IPNTA
Newsletters
November 2003
400 Tenants Rally to Support City Council Mitchell-Lama Protection Bill
Capping months of furious organizing, IPNTA proved how effective it was
in on Wednesday, October 29, by getting out some 400 tenants, union officials,
social service leaders, and others in support of Intro 523, the Mitchell-Lama
Conversion Protection Bill.
The occasion was a press conference and subsequent hearings called by
City Council Speaker Gifford Miller, who introduced the bill last August.
As of this writing, the bill has 38 sponsors (and counting) in the Council,
which offers an excellent chance of passage.
In brief, the bill would impose stiff burdens on ML owners, like Laurence
Gluck who now owns IPN, prior to allowing them to opt out of the Mitchell-Lama
program and charge market rents.
Under current law, owners can opt out by paying off the remaining mortgage,
and then charge market rents. Gluck has informed tenants of his intention
to do just that.
The bill would require owners seeking to opt out to prove that the buildings
have “substantially complied” with all the rules and regulations
of the complex from the time the buildings were first occupied.

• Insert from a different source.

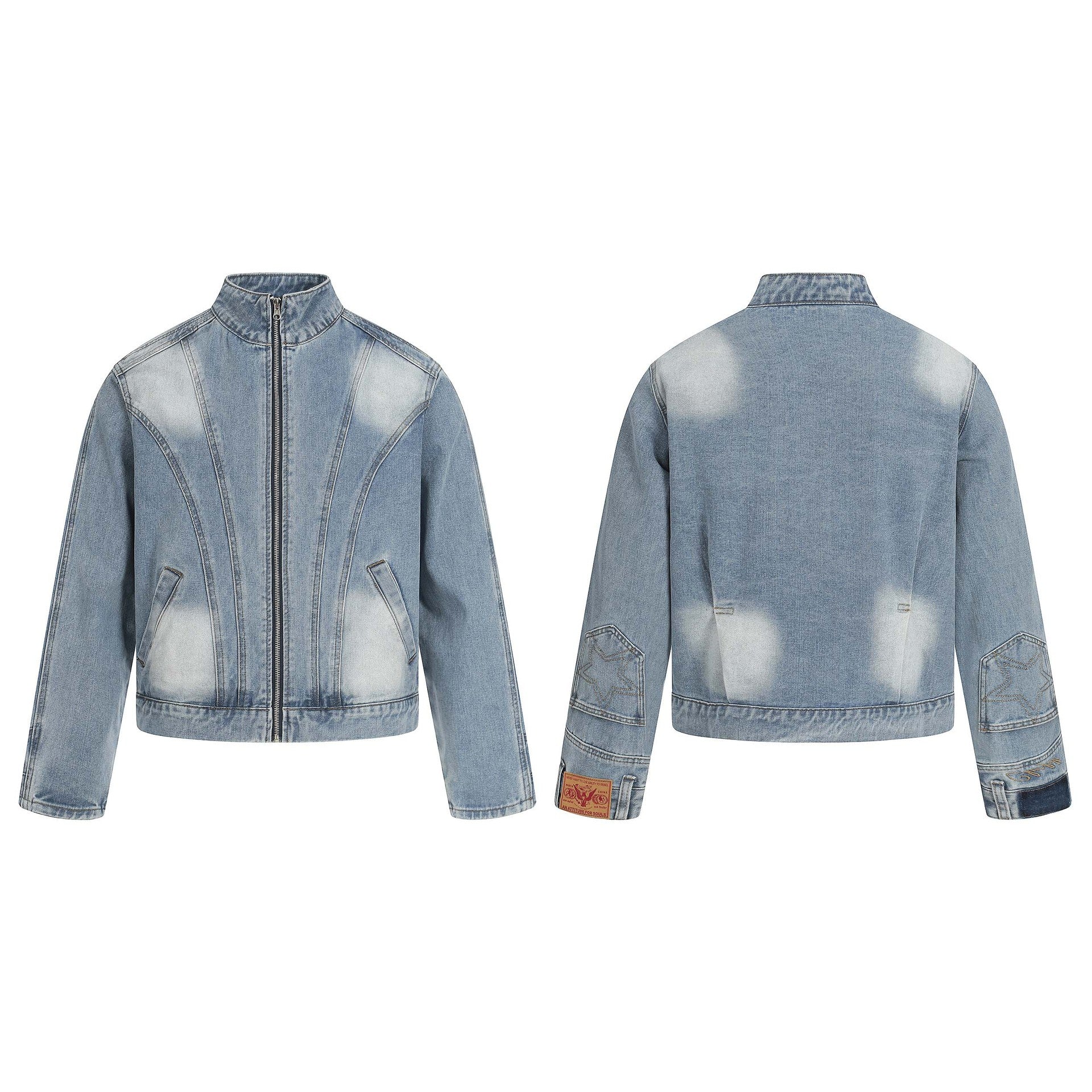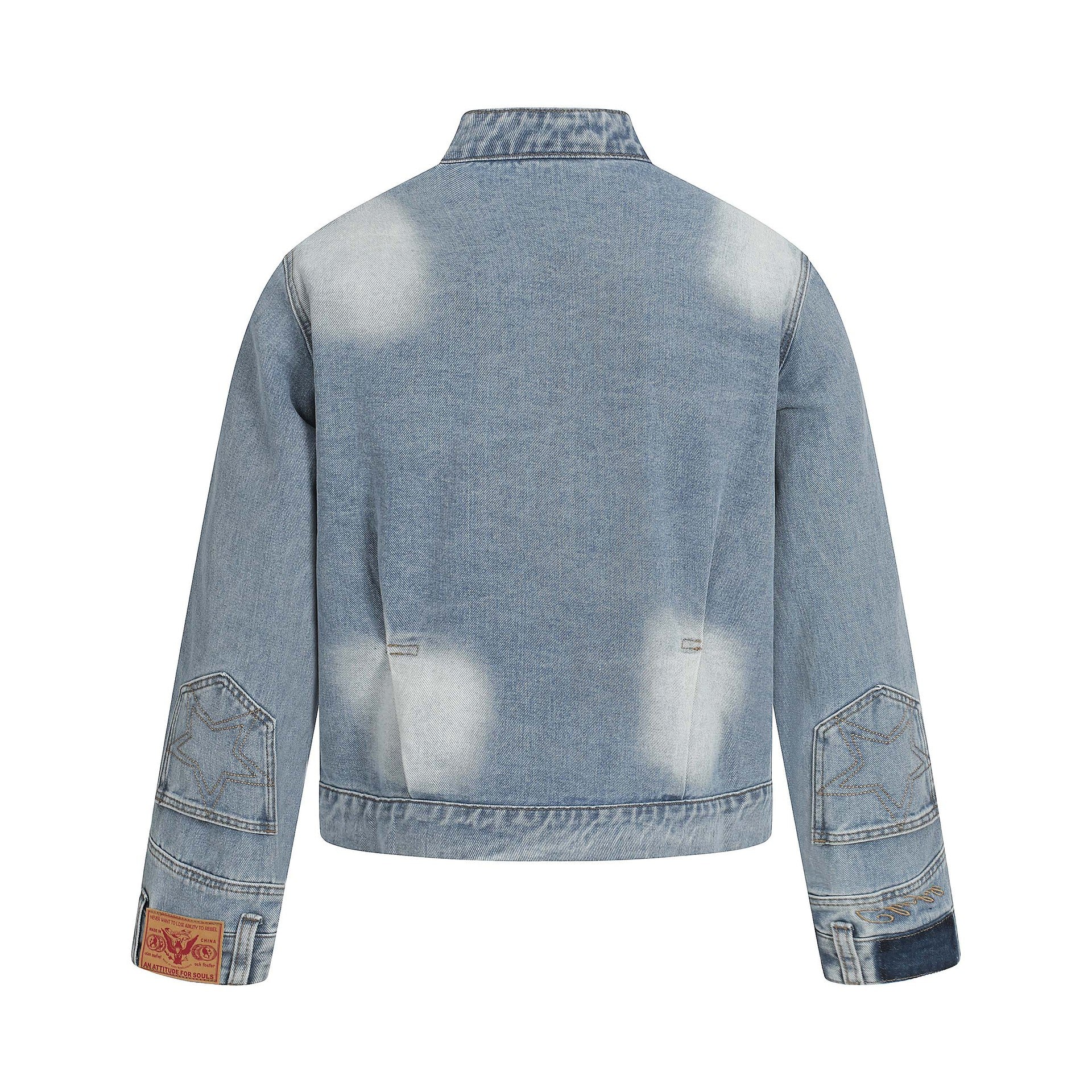 Distressed Unisex Reversed Denim Jacket with Hand-Sleeve

In the
absence of compliance, the City can fine the owner three times the cost
of damages to tenants or the city.
Also, landlords will have to fund a city study on the impact of the buyout
on tenants, and will have to either “mitigate” those impacts
or pay for the City to mitigate them.
These and other provisions can be waived, if the landlord and tenants
negotiate a mutually satisfactory agreement, under which rents remain
affordable. In effect, this bill levels the playing field between landlord
and tenants: it provides tenants with the power they need to keep their
homes affordable. At present, the law grants tenants no such powers.